▸ Task item: Pictures in the entries below are to be left out; otherwise, reproduce exactly the lines from the first through the line containing "三家電商頭部平臺全網(wǎng)日活數(shù)據(jù)".

▸ Exercise material:
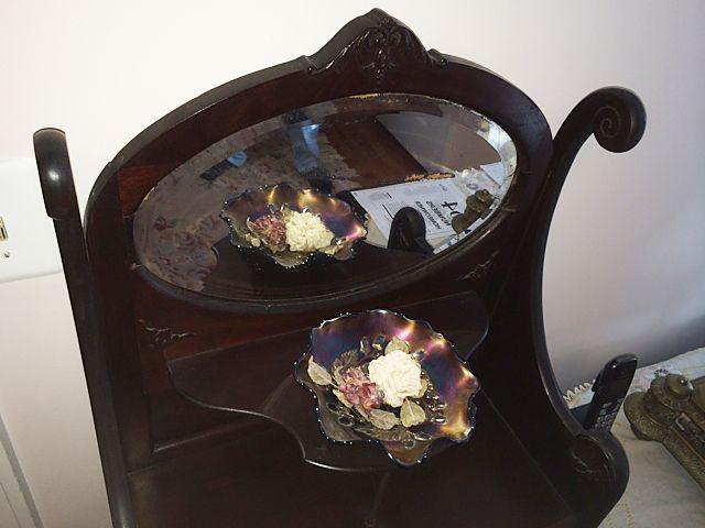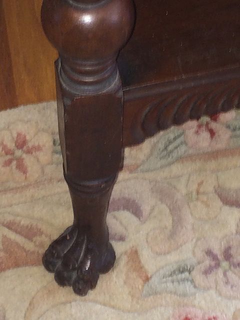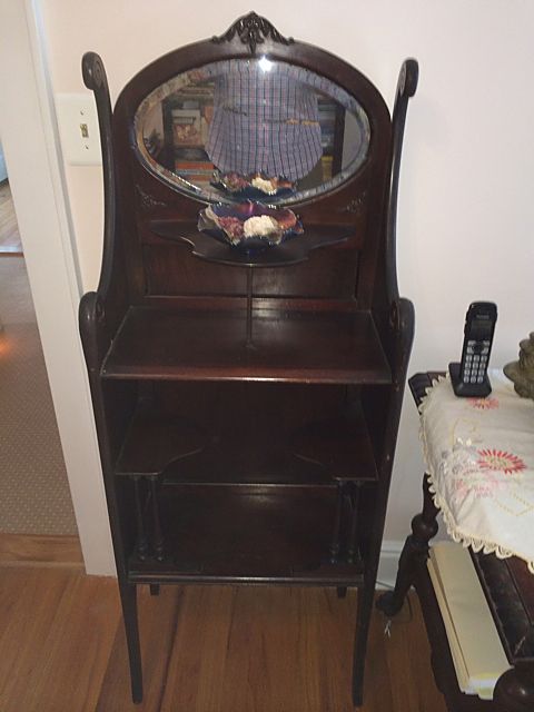Victorian Mahogany Music Cabinet. Single cupboard door and paw feet with beveled oval mirror. Could be used as curio stand.
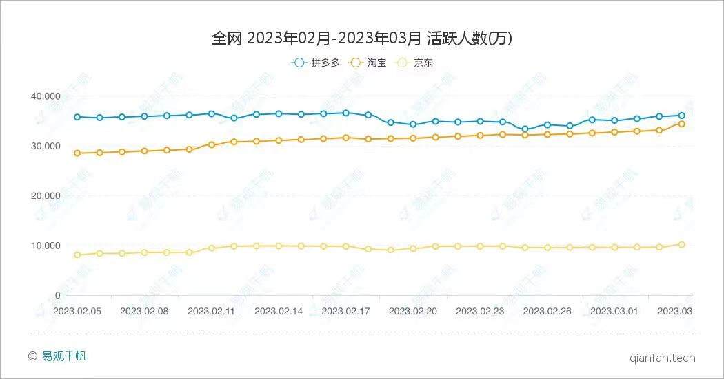 三家電商頭部平臺全網(wǎng)日活數(shù)據(jù)
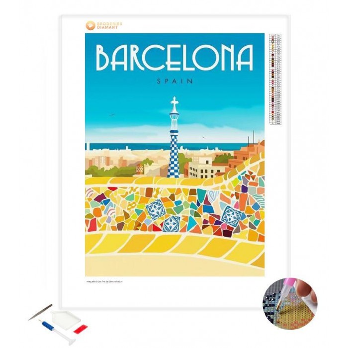 Si vous aimez la création, les activités manuelles, décorer votre lieu de vie avec vos propres oeuvres, la broderie diamant est une parfaite activité. Celle-ci représente la ville de Barcelone en Espagne. On peut apercevoir le très célèbre parc Güell qui est coloré et apporte de la lumière à l'oeuvre.
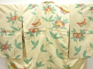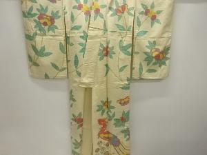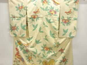 大正ロマン 型染花鳥模様手織り紬単衣着物
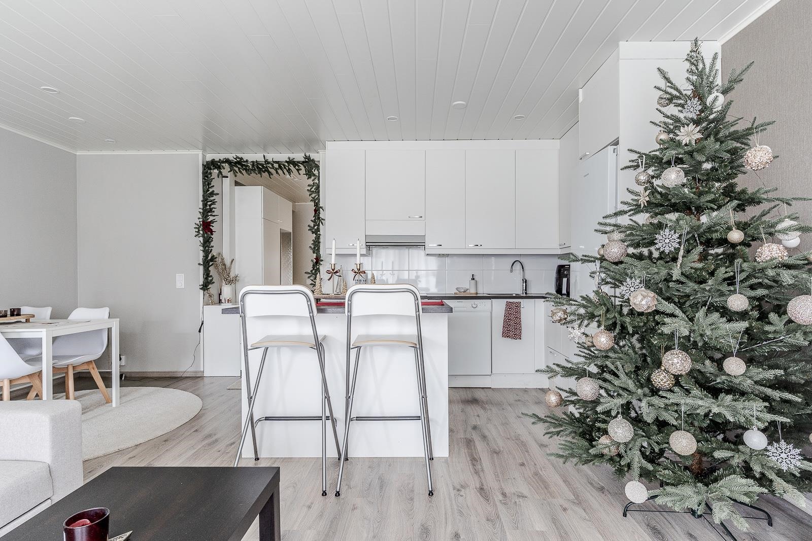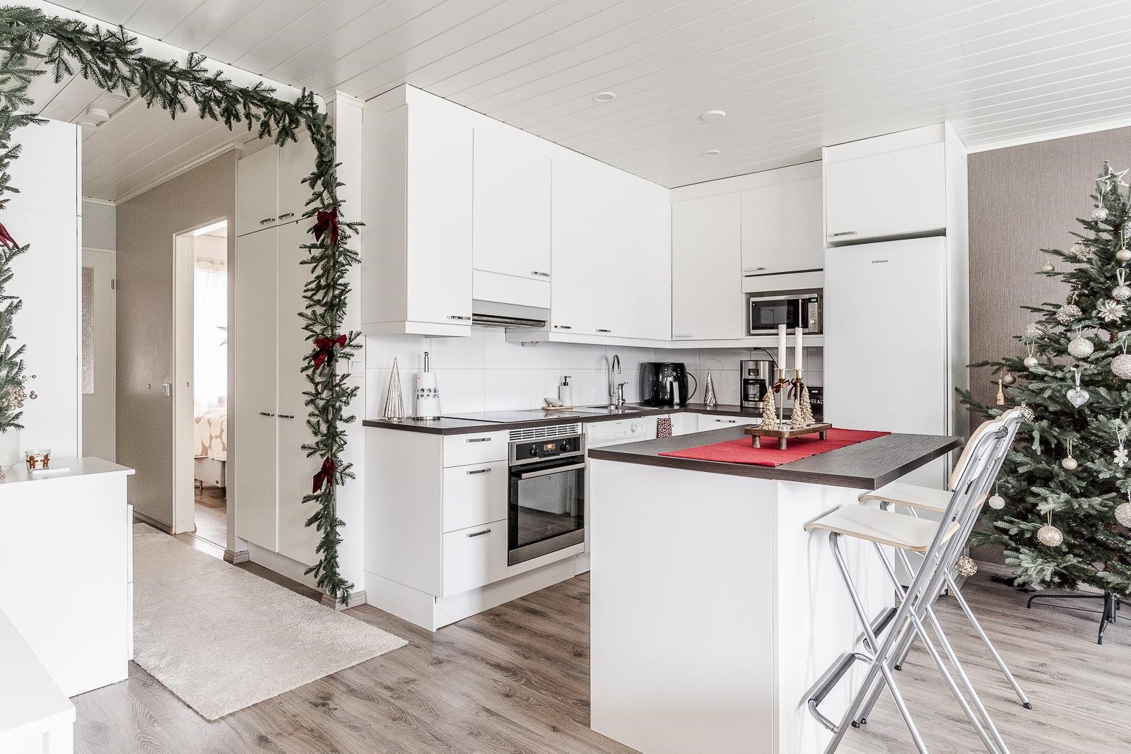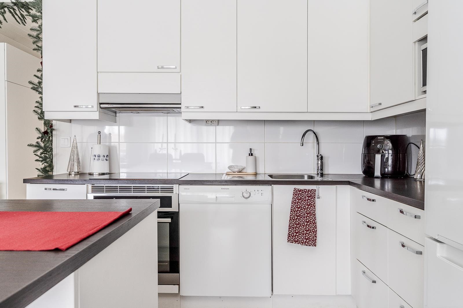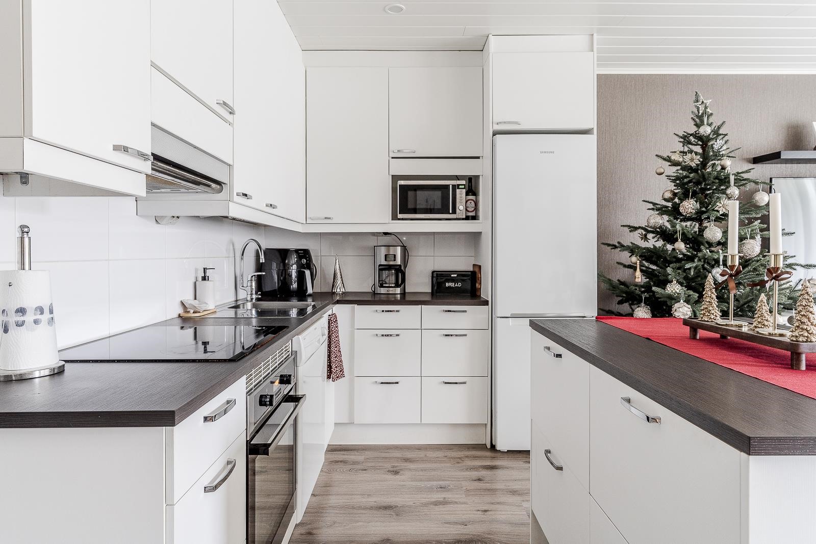 - Jääkaappipakastin, erillisuuni, liesitaso, induktioliesi, liesituuletin, astianpesukone, kaapistot, irralliset saarekkeet, kiinteät valaisimet.

▸ Answer for the task:
Victorian Mahogany Music Cabinet. Single cupboard door and paw feet with beveled oval mirror. Could be used as curio stand.
 三家電商頭部平臺全網(wǎng)日活數(shù)據(jù)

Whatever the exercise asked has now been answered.